It was mid August the first time I eyed this little place in front of Sant’Orsola Hospital, just outside Porta San Vitale. I promised myself to go as soon as I came back from my holiday but since it’s so close to where I live I kept postponing. Back then they were still in the process of opening but graciously explained to me that that peculiar name simply meant what it suggested: Sicilyn is a fusion restaurant blending Sicily and Japan.
Now, for those of you about to scream “Fusion? That’s so late Nineties!”, go visit a fashion blog bear in mind that Bologna, despite being city of food and temple of fresh pasta, isn’t as strong in the international flavours as it is in the traditional culinary sector. The word “fusion” here mostly means big impersonal suburban places with huge menus and so-called “asian” noodles. In particular, there is clear scarcity (with few notable exceptions but also a couple of overpriced and overvalued destinations) of good Japanese food. So much so that when I moved back from Milan, where the standard is high and sashimi has been the traditional meal for generations of models fist and locals later, I simply stopped eating sushi after some disappointing tentatives.

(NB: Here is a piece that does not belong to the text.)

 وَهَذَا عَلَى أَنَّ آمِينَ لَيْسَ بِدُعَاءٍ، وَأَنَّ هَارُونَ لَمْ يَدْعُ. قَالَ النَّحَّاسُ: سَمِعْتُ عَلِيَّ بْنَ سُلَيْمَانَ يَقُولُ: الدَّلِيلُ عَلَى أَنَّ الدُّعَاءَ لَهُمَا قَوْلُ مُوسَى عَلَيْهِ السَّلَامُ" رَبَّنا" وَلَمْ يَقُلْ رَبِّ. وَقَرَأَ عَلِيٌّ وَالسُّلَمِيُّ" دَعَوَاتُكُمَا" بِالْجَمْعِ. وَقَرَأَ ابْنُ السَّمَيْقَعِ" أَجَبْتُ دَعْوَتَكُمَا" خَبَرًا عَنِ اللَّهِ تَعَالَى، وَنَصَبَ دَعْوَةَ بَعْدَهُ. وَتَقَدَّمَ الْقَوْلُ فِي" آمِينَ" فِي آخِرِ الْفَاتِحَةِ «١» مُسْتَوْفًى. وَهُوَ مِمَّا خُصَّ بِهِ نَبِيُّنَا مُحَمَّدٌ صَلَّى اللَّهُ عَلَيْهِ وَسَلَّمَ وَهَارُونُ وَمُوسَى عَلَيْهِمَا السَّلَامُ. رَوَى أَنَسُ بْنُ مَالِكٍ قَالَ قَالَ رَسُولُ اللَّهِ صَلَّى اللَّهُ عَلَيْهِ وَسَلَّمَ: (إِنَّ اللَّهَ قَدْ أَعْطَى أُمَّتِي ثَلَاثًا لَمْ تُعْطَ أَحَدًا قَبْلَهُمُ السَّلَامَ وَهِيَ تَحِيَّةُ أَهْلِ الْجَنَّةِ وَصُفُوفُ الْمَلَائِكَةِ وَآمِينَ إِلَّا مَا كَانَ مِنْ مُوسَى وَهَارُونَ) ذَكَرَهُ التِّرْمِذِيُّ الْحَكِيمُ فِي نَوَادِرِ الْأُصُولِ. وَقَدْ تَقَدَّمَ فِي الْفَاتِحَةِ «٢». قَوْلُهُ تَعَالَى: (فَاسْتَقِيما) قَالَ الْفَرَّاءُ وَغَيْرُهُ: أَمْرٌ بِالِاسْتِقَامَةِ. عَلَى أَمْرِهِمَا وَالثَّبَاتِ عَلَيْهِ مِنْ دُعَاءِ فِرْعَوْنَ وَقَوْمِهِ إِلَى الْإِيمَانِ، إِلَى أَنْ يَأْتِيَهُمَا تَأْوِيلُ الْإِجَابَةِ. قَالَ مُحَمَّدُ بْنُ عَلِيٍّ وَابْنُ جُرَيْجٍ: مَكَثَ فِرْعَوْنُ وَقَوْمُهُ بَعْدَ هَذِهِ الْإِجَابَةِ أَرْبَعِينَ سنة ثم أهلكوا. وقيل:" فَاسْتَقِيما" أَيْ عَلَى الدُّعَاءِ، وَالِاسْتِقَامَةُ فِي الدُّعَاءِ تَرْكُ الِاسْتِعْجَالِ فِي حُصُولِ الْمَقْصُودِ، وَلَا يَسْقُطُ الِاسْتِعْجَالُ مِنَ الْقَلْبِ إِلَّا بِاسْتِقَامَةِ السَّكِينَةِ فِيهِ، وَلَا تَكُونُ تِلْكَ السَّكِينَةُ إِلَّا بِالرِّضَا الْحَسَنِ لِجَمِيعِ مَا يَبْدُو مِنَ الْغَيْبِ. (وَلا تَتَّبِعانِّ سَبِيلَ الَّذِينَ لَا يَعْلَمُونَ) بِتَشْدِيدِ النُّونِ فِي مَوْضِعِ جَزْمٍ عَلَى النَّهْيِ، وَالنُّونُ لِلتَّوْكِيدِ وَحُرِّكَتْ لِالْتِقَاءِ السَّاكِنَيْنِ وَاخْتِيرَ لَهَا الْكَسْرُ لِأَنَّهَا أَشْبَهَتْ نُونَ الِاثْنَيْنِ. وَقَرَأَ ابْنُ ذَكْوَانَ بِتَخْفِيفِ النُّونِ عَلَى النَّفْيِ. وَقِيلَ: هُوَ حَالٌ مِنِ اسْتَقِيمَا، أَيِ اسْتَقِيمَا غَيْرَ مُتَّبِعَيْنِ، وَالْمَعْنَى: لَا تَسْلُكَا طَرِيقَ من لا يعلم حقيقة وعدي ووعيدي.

But Sicilyn looked promising and finally, months after it opened and started creating some buzz around itself, I finally managed to go try it. And again. And again. So I found out that this little, homey, minimal looking place is owned by a couple, Daniele from Sicily and his sweetheart Noriko, from Japan. Daniele is a journalist and filmmaker (together with Mauro Maugeri he made the short A Lu Cielu Chianau that received special recognition from Venice Film Festival’s competition I LOVE G.A.I. ), as well as a self proclaimed foodie with one particular kink: he loves to mix fish and cheese. Noriko is the chef and she also used to run a blog in Japanese about Sicilian culinary art. Until they moved here from Acireale and launched this place, where pistachio and bottarga make love with uramaki e soy sauce.

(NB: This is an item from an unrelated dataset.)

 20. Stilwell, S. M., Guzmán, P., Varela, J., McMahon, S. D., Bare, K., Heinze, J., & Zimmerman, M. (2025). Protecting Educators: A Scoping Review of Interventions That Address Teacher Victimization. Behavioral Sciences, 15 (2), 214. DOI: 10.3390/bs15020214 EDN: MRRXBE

I like places where the menu is short and the selection concise, especially when most of the food on offer is expressly made. From the hands of Noriko I thus tried salmon gunkan (with soft, delicious fresh salmon, minced onion and radish), sushi with basil pesto, radish and salmon, and with Mazara del Vallo’s shrimps, parsley and capers’ sauce, while my friend had the bagel. Yes, bagel. I said “fusion” may I remind you. And I also said that Daniele has this fetish for fish&cheese. So, if the japanese section is Noriko’s realm, the little bagels’ corner is all by Daniele, and here we can find a couple of interesting combos, in addition to the classical salmon + cream cheese (here enriched by pistachios): anchovies + primosale cheese + olives + minced onion, or buffalo mozzarella + parmesan + shrimps + almonds + rocket sauce + dried tomatoes.

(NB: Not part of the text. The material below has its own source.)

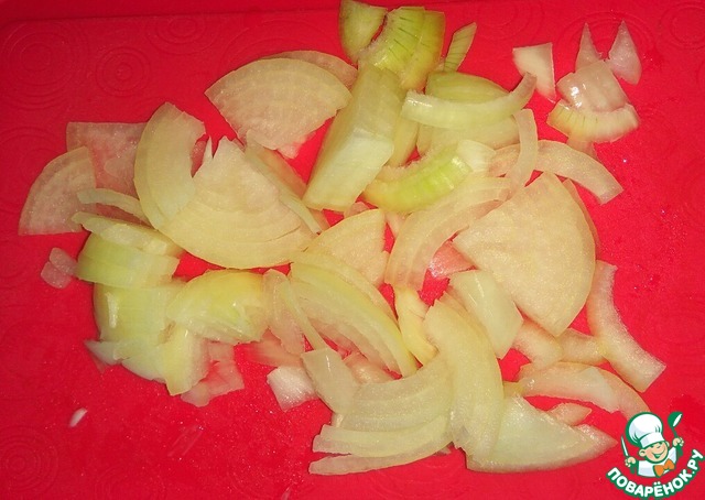 В сковороде, после обжарки мяса поджарить пару минут лук, нарезанный четвертькольцами.

Back to Noriko’s art, there’s still more I’d like to try, such as her very kawai, smiling onigiri (with sesame seeds, tuna and mayo, or with salmon, sesame seeds and mayo), and the tartara with Mazara del Vallo’s shrimps, avocado, cream cheese, pistachio, radish and rocket salad. And if you don’t want to leave the comfort of the old town (Sicilyn is some 100 meters from Porta San Vitale, but as a victim of Old Town Centricity Syndrome I know distances can appear bigger when the force is centrifugal), you can also order a home delivery through Sgnam from January.